Dick Whittington

Greenwich Theatre

I’ve been looking forward to this show ever since last year’s extravaganza which was the best this hardcore pantomime enthusiast has ever seen (and yes – that does include Les Dawson as the nurse in Babes in the Wood…) And the same writer/dame as last year boded well for this year’s effort. I was delighted to see that the guy who played the King last year was back too. I was very slightly (though unnecessarily in this particular case) worried by the closest that Greenwich Panto has ever come to “celebrity” performers (a dangerous route in my humble opinion – unknowns have to work harder which usually produces better performances) in the two young leads – rejects from two of those ‘find-a-star-for-a-revival-of-a-safe-family-musical’ programmes.

I was surprised at how quiet the theatre itself was – I know it’s early in the season but I’m sure last year was much busier at even this time in the run. Half-full, I’d have said – which after last year’s triumph was staggering. As it was there was a respectable number of brownies and other sundry tots, but generally far more adults than kids – which did, at least, have the benefit of everyone knowing what to do in the way of audience participation.

Dick Whittington is probably my favourite panto – and though the plot is as thin as the ice on the O2 rink that’s never a real problem in this art-form. Need a spot of padding in panto? Add a slop-scene or a song. And there are a LOT of songs, mainly 80s favourites, well-chosen for the characters and very well-sung. Familiar cliches and knowing nods to even more familiar cliches work well and slick choreography milks every film/TV/advert/music/popular culture reference in the book.

It’s wonderfully local – set in The City of London “via Greenwich,” ahem, there is a fantastic frontcloth with a view of “Olde Greenwich,” complete with Observatory and, er, Canary Wharf. Sadly, I think they must have spent the entire budget on that frontcloth (and Dick’s Mum’s utterly fabulous wardrobe) as the rest of the set is, frankly, a disappointment – unexcitingly designed and averagely executed. Does that matter? Not really when you’ve got great performers, but pantomime is all about spectacle and the set is a big part of that glamour. This one smacked of am-dram.

The performances don’t, though. All of them are excellent – from the wonderful fairy who belts out Motown numbers in between ringing her magic Bow bells to a very sweet cat and the camply-wicked King Rat who minces about the stage with comedy rodents. Even the chorus guys are solidly good. Dick’s Mum, Mrs Wilhelmina Whittington, is a superb dame – and great with the kids – but we all knew that anyway. Her best frock was, I think, either Dolly Parton, Gospel Singer or Sexy Harem Siren – but there were so many others saucy outfits (even if none was as saucy as the Heinz Soup get-up last year) it was difficult to decide. My fave character of all, though, was jolly Alderman Fitzwarren whose merry-old-soul persona is perfect for pantomime. Long may he play at Greenwich.

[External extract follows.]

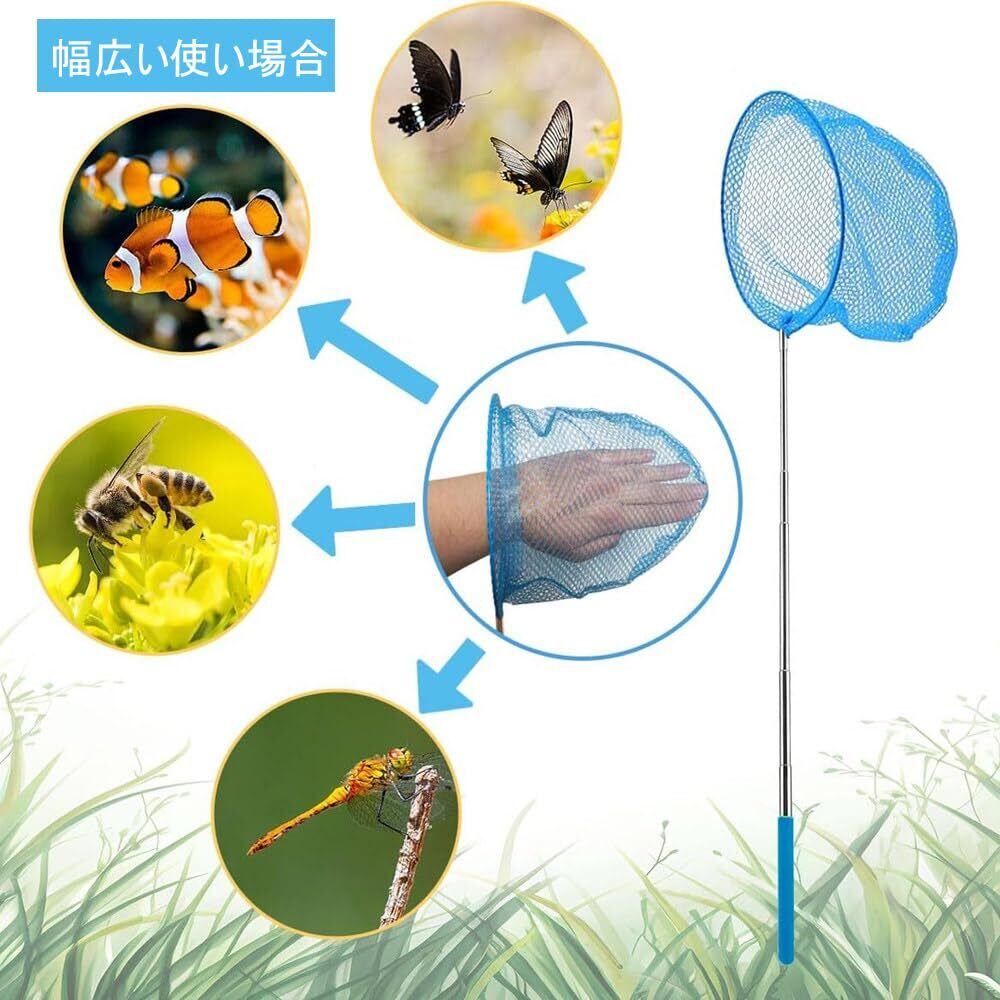 【幅広い用途】山、森、川、公園など様々な場所でお使い頂けます。水陸両用可能で、昆虫取りの網と魚取りの網として使えられます。

The two lovers are good actors and great singers, with loads of energy. They made extremely personable leads. But the ingenue roles are, frankly, a bit of a poisoned chalice in panto. My absolute favourite moment last year was definitely the lovers’ song (usually the worst moment in every panto – the cue for dozens of small children to troop out to the loo) where the whole thing was totally sent up by naughty upstaging from the comic characters, taken to a whole, sublime new level. This year, possibly because Alice and Dick are such good singers, it was played straight. It was nice – very nice, in fact – but I missed the comedy.

So – is the show any good? Well – yes, actually, it is. I laughed and laughed and laughed – so much so that my face was still hurting by the time my (rather large) party got to the restaurant afterwards. If I hadn’t seen last year’s I’d have even said it was brilliant. There are a few slow moments – but it’s early in the run and they will get slicker – and I could have taken a spot more slop in the slop-scene. But this is still a great local panto and an excellent way to get into the festive mood. Get your tickets now.